〈館シリーズ〉

綾辻行人
『十角館の殺人』 『水車館の殺人』 『迷路館の殺人』 『人形館の殺人』 『時計館の殺人』
『黒猫館の殺人』 『暗黒館の殺人(上下)』 『びっくり館の殺人』 『奇面館の殺人』
『霧越邸殺人事件』 



シリーズ紹介
「僕にとって推理小説とは、あくまでも知的な遊びの一つなんだ。小説という形式を使った読者対名探偵の、あるいは読者対作者の、刺激的な論理の遊び。それ以上でもそれ以下でもない。
 だから、一時期日本でもてはやされた“社会派”式のリアリズム云々は、もうまっぴらなわけさ。(中略)ミステリにふさわしいのは、時代遅れと云われようが何だろうがやっぱりね、名探偵、大邸宅、怪しげな住人たち、血みどろの惨劇、不可能犯罪、破天荒な大トリック……絵空事で大いにけっこう。要はその世界の中で楽しめればいいのさ。ただし、あくまでも知的に、ね」
 (講談社文庫〈新装改訂版〉『十角館の殺人』13頁〜14頁)

 いわずと知れた、1987年のデビュー作『十角館の殺人』を含む綾辻行人のメインワークにして、いわゆる“新本格ミステリ”というムーブメントを象徴するシリーズです。

 一部の作品で探偵役をつとめる島田潔*1など共通する登場人物も存在しますが、シリーズの主役はあくまでも奇矯な建築家・中村青司に縁のある一連の風変わりな“館”。それは、“僕にとって“本格ミステリ”というのは(中略)“雰囲気”なのです。”*2という作者自身の本格ミステリ観を体現するための、奇怪な事件にふさわしい“雰囲気”のある舞台――事件を引き起こす“場”として用意されたものといえるでしょう。

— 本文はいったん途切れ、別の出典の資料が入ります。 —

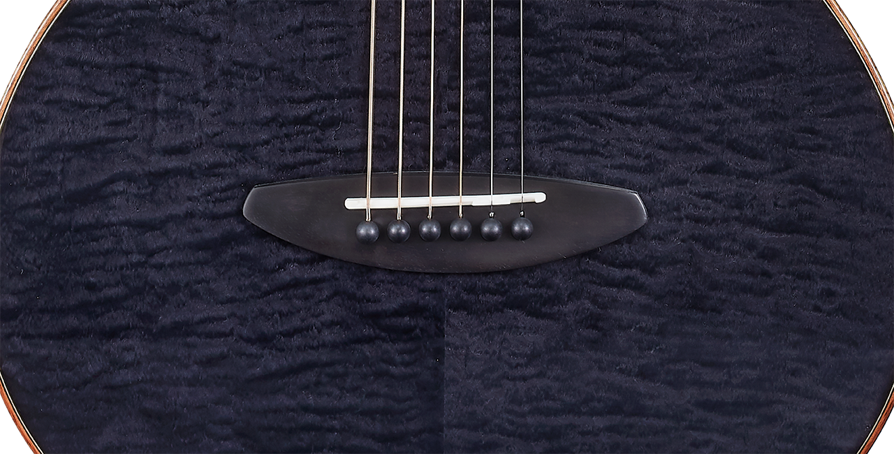 鳥吉他定製的造型琴橋,使用烏黑色澤的黑檀木,擁有緊密的木紋硬度,硬度更勝玫瑰木,能支撐琴的後段琴弦張力。搭配水牛骨弦枕,讓琴的延音有力,且擁有純淨的音色,質地堅硬清脆,能有效的傳導琴弦的共鳴。每一根弦都做了個別補償,讓琴能有更精準的音準。

 上に引用した『十角館の殺人』冒頭の台詞は、必ずしも“作者綾辻の考えと等号で結ばれるものではなかった”*3とのことですが、それでもそれは〈館シリーズ〉の――ひいては(少なくとも初期の)“新本格ミステリ”の――メインコンセプトとなっているように思われます。つまり、あくまでも“虚構としてのミステリ”の面白さを追求するために、現実の束縛を(ある程度)離れて構築された“ミステリのための世界”――それを端的にわかりやすい形で具現化したものが、このシリーズの“館”であると考えていいのではないでしょうか。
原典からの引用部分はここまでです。